▶134 - Gas Station
▶문제
There are n gas stations along a circular route, where the amount of gas at the ith station is gas[i].
You have a car with an unlimited gas tank and it costs cost[i] of gas to travel from the ith station to its next (i + 1)th station.
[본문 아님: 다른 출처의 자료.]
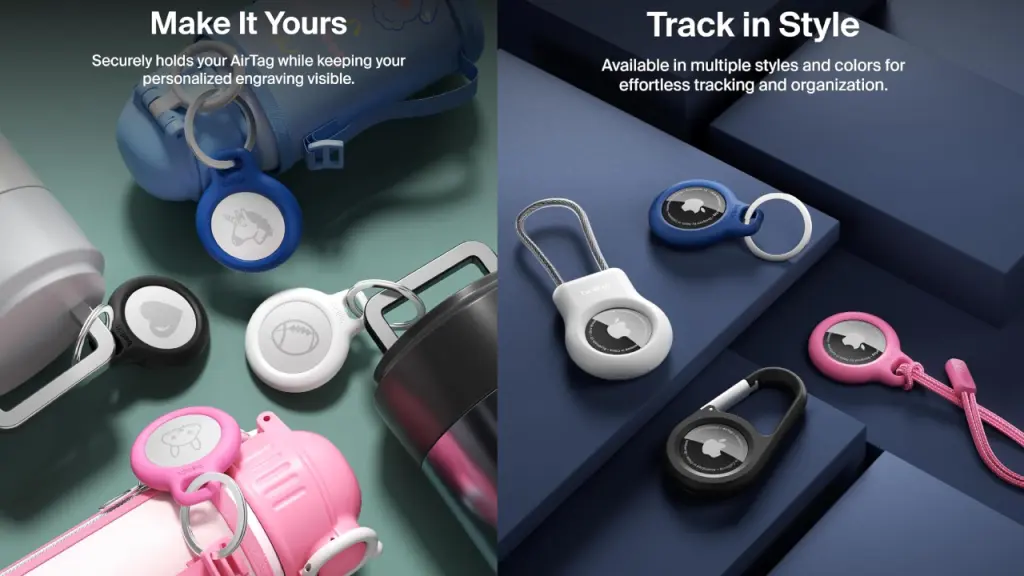 Alegeți din patru culori elegante negru, alb, roz și albastru, care completează perfect AirTag-ul, păstrând în același timp designul elegant și gravurile personalizate la vedere.
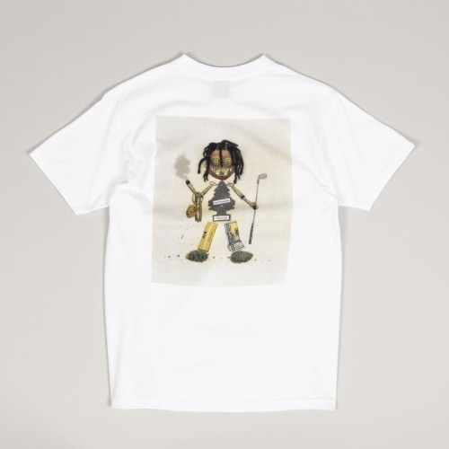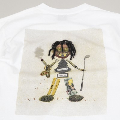 Violet Skateboards Kader Sylla Trash Doll Tee in white. Comfortable fit with longer sleeves and a round, ribbed collar. On the left chest there is a small car tree with the inscription It's Violet and on the back there is a collage print with the Kader character. The graphic was created by Aurel Schmidt. Printed in the USA. Made of 100% cotton.

You begin the journey with an empty tank at one of the gas stations.
Given two integer arrays gas and cost, return the starting gas station's index if you can travel around the circuit once in the clockwise direction, otherwise return -1. If there exists a solution, it is guaranteed to be unique
▶예제
Input: gas = [1,2,3,4,5], cost = [3,4,5,1,2]
Output: 3
Explanation:
Start at station 3 (index 3) and fill up with 4 unit of gas. Your tank = 0 + 4 = 4
Travel to station 4. Your tank = 4 - 1 + 5 = 8
Travel to station 0. Your tank = 8 - 2 + 1 = 7
Travel to station 1. Your tank = 7 - 3 + 2 = 6
Travel to station 2. Your tank = 6 - 4 + 3 = 5
Travel to station 3. The cost is 5. Your gas is just enough to travel back to station 3.
Therefore, return 3 as the starting index.
Input: gas = [2,3,4], cost = [3,4,3]
Output: -1
Explanation:
You can't start at station 0 or 1, as there is not enough gas to travel to the next station.
Let's start at station 2 and fill up with 4 unit of gas. Your tank = 0 + 4 = 4
Travel to station 0. Your tank = 4 - 3 + 2 = 3
Travel to station 1. Your tank = 3 - 3 + 3 = 3
You cannot travel back to station 2, as it requires 4 unit of gas but you only have 3.
Therefore, you can't travel around the circuit once no matter where you start.
▶풀이
시작 idx를 모르기 때문에 idx는 (i + cnt) % len(gas)를 하면 몇부터 시작하든 하든 한 바퀴 돌 수 있다.
그리고 gas sum과 cost sum을 각 단계별로 저장해두고 만약에 cost sum이 더 커지면 break 해준다.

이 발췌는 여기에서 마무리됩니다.